Goal of the exercise> Please retype all of the records below word for word, leaving out any pictures.

(Collected data)
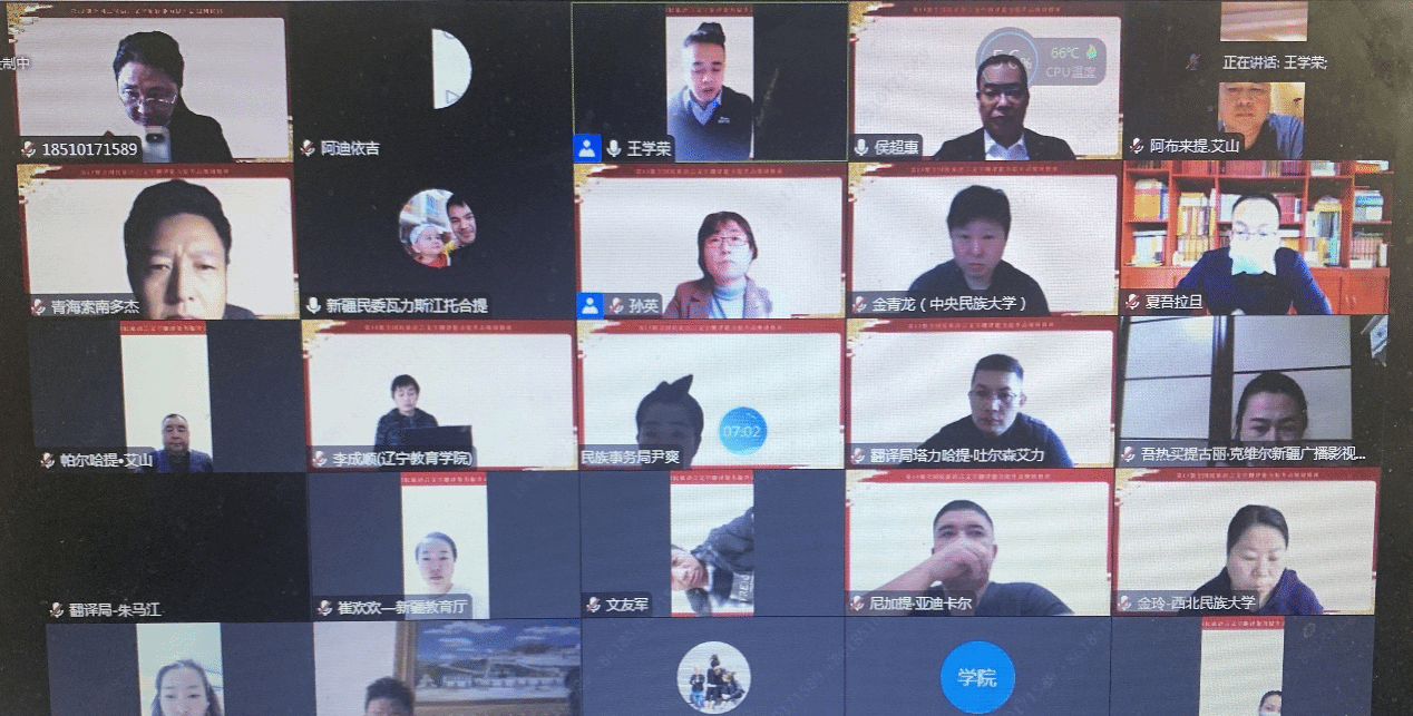 该培训班列入人力资源和社会保障部《专业技术人才知识更新工程2022年高级研修项目计划》和《国家民委2022年培训计划》,培训内容涵盖党的二十大精神、中央民族工作会议精神、中华优秀传统文化、总体国家安全观、语言文字和民族语文翻译工作等。来自国家部委、中央党校(国家行政学院)和william威廉中文官网的10名专家授课;来自内蒙古、辽宁等省(区)和委属单位共112名从事民族语文翻译工作的在职业务骨干和从事民族语文工作的管理人员参加了培训。本次培训全程采用线上方式举行。
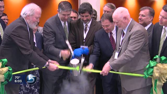 Liquid nitrogen was used to freeze the ribbon, as the governor and university president used hammers during a science experiment, officially opening Utah Valley University's new science building.
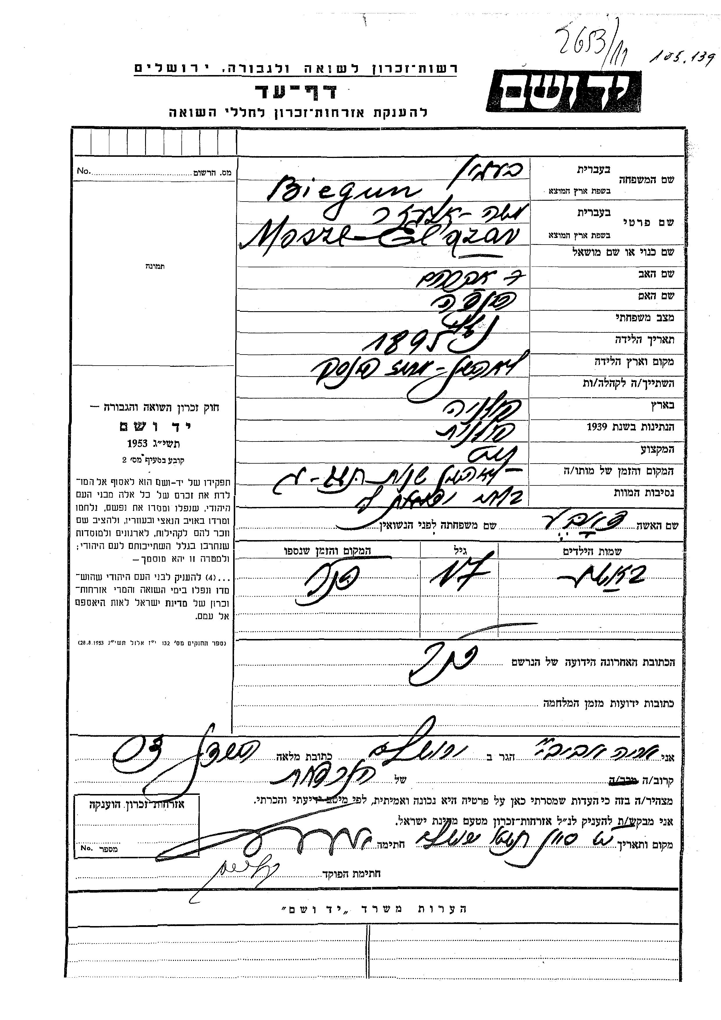Eliezer Moshe Begun was born in Lahiszyn, Poland. He was a tailor. Prior to WWII he lived in Lahiszyn, Poland. Eliezer Moshe was murdered in the Shoah. Place of death: Lahiszyn, Poland.
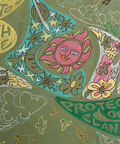 グルーヴィなヒッピーロゴを刺繍で描いたフィールドコート
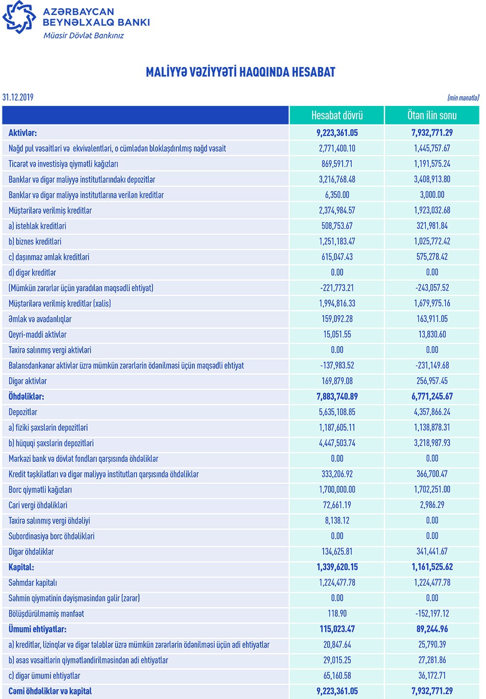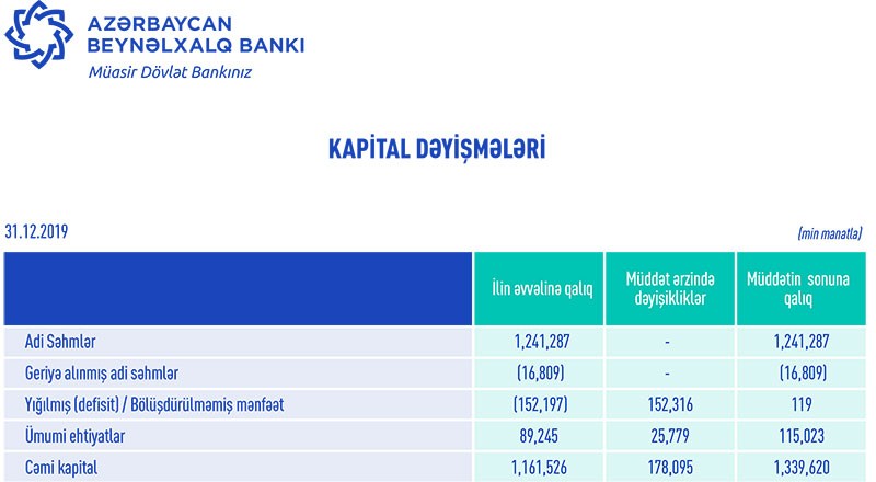 31 Dekabr 2019-cu il tarixində Beynəlxalq Bank 1 milyard 130 milyon 755 min manat məcmu kapitala malik olub.
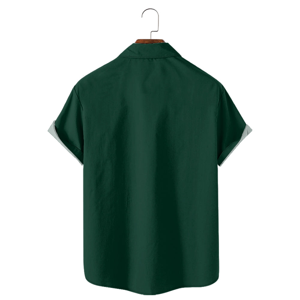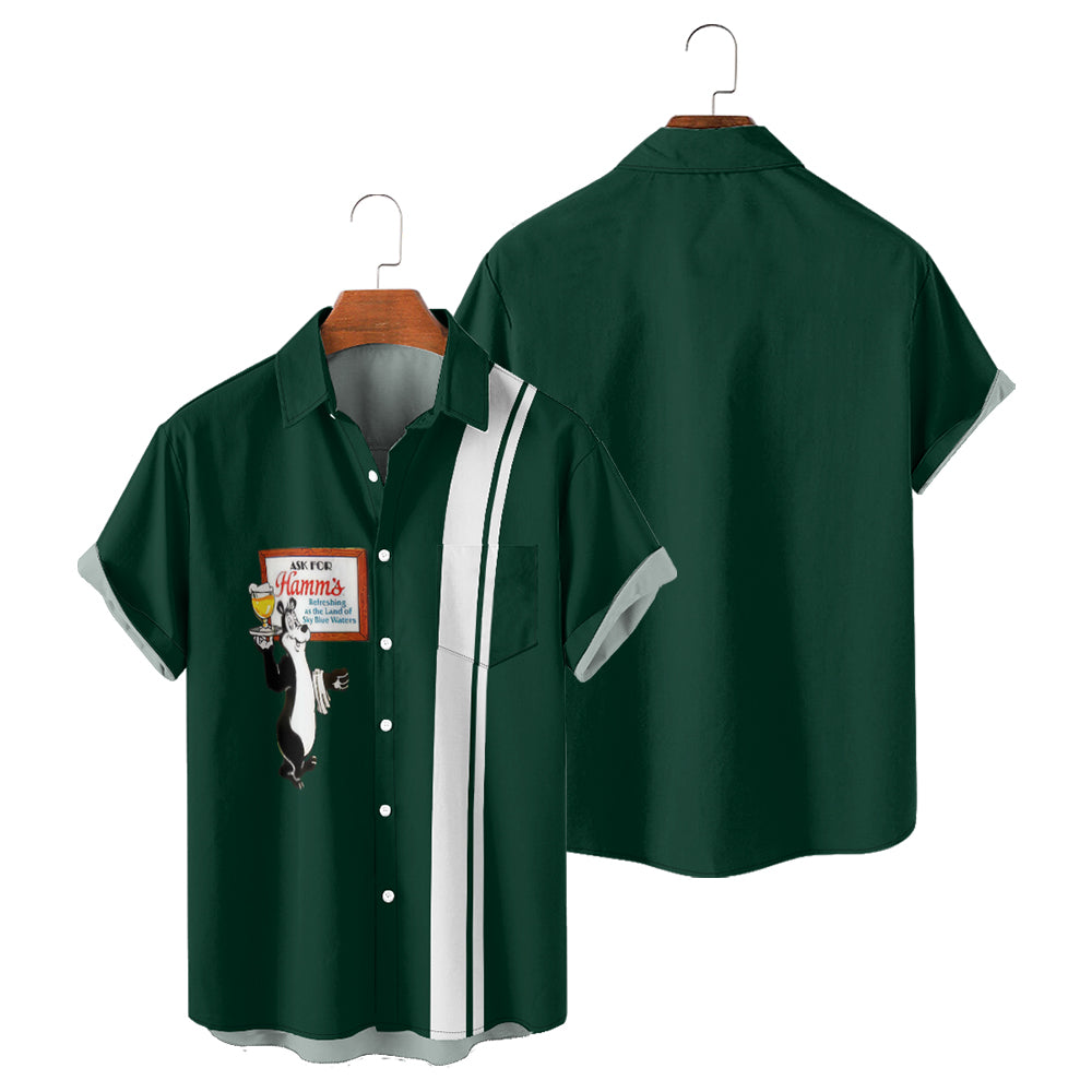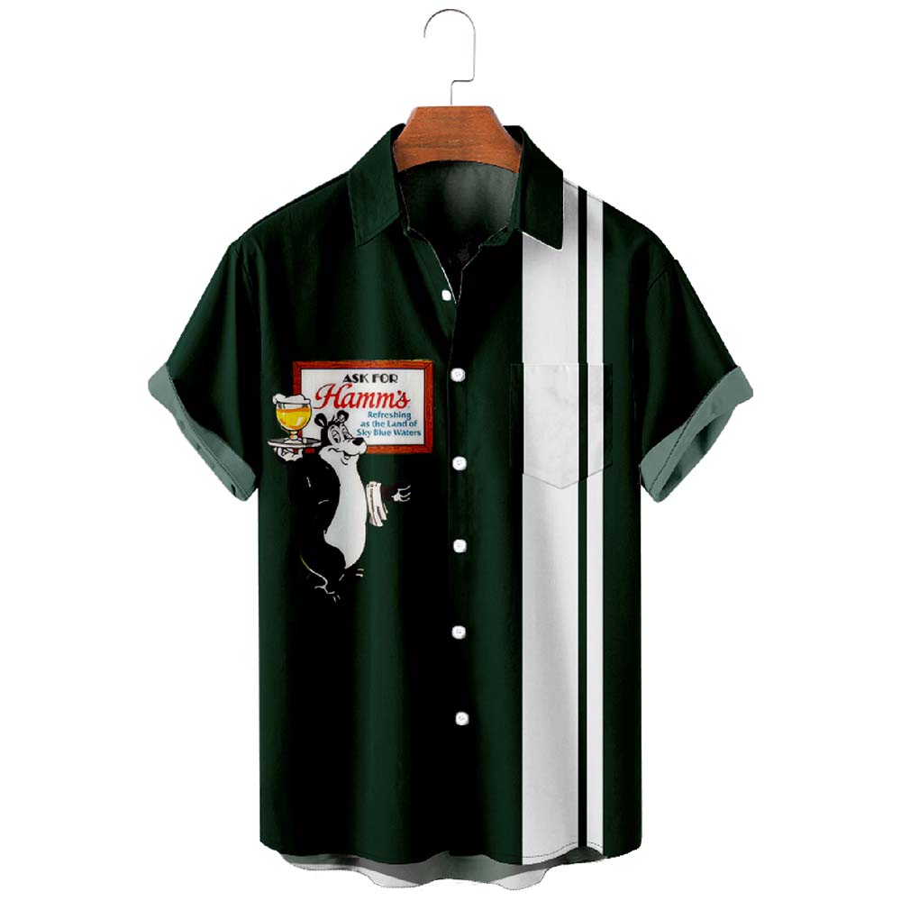 Green Beer Bear Men's Pocket Bowling Shirt Stretch Quick Dry Button Up Shirt

Response below>
 该培训班列入人力资源和社会保障部《专业技术人才知识更新工程2022年高级研修项目计划》和《国家民委2022年培训计划》,培训内容涵盖党的二十大精神、中央民族工作会议精神、中华优秀传统文化、总体国家安全观、语言文字和民族语文翻译工作等。来自国家部委、中央党校(国家行政学院)和william威廉中文官网的10名专家授课;来自内蒙古、辽宁等省(区)和委属单位共112名从事民族语文翻译工作的在职业务骨干和从事民族语文工作的管理人员参加了培训。本次培训全程采用线上方式举行。
 Liquid nitrogen was used to freeze the ribbon, as the governor and university president used hammers during a science experiment, officially opening Utah Valley University's new science building.
Eliezer Moshe Begun was born in Lahiszyn, Poland. He was a tailor. Prior to WWII he lived in Lahiszyn, Poland. Eliezer Moshe was murdered in the Shoah. Place of death: Lahiszyn, Poland.
 グルーヴィなヒッピーロゴを刺繍で描いたフィールドコート
 31 Dekabr 2019-cu il tarixində Beynəlxalq Bank 1 milyard 130 milyon 755 min manat məcmu kapitala malik olub.
 Green Beer Bear Men's Pocket Bowling Shirt Stretch Quick Dry Button Up Shirt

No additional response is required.